First, I am so sorry that you have lost your employment. However, your ten year old daughter should be told some of the "basics" of what is happening instead of potentially hearing it from others. Consider telling her that you have lost your job but you are going to turn this negative situation in to a positive one by exploring alternative employment possibilities. Also, let her know that you will be "tightening your financial belts" which may mean a few less dinners out or movies, but you will find other ways to enjoy your family time without it costing a lot of money.
I would also encourage you to talk with her school counselor to see if there are any children who have a similar circumstance and do they meet in a group to help discuss their feelings.

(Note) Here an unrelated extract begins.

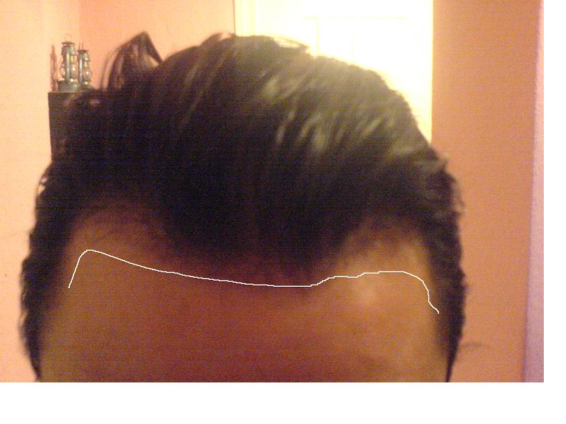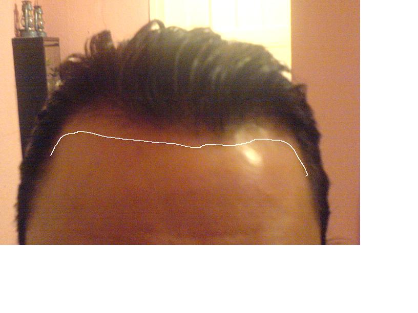 Leider sieht das mitlerweile ziemlich "bescheiden" aus weil die vordere Haarlinie an den seiten nach hinten gewichen ist.
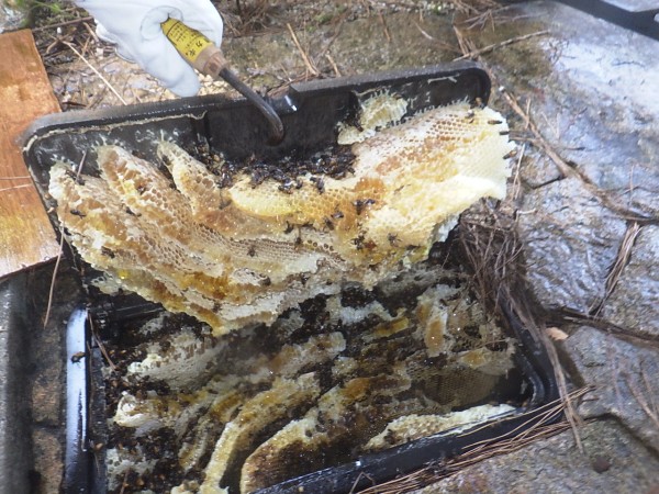 薬剤処理を行いフタを開けると、そこにはミツバチの巣がビッチリと詰まった状態でした(-_-;)

Children can be very resilient and I have learned over the years that even if a parent chooses not to tell them about a difficult situation, they usually suspect or find out. By telling her first you control much of the situation and can allay her fears. Communicating to her can be very helpful.
Good luck and we hope that you are successful with finding employment soon. I have added some websites below that MAY be of help to you.
Louise Masin Sattler, Nationally Certified School Psychologist
Owner of Signing Families
Host of Learning and Laughter with Louise on Toginet.com
CR'sMom - the member who asked this question - selected this as the best answer posted by another Education.com member.
from a fellow member
If you lose your job her world will not fall apart. But if you tell her she will worry about everything. You have to keep her safe from everything that is a lot I know but that also means not giving her anything els to worry about. Her worry world is big enough with out having grownup stuff to stress about to. You will be fine with out a job there are a lot of places out there to help you out. FIA you can git food stamps to help feed her, it may not be what you want but the best thing you can do for both of you is just git ready. You can git work mans comp. It is places to got to help pay your rent too. She is going to be just fine if you calm down and think 1st then do what ever you have to do for her.
First of all, even though the situation is a scary one to be in- you sound like a strong enough women to be able to choose another way to feel about it- and your daughter will admire you when she sees how you cope. You are her hero! No matter what, and there is no greater time to show her how a hero responds when life throws challenges. This could be the most memorable lesson of her life- and one day she may attribute her success to how she watched you rise above in the face of adversity. Tell her now, and tell her about the new journey you will both be going on TOGETHER!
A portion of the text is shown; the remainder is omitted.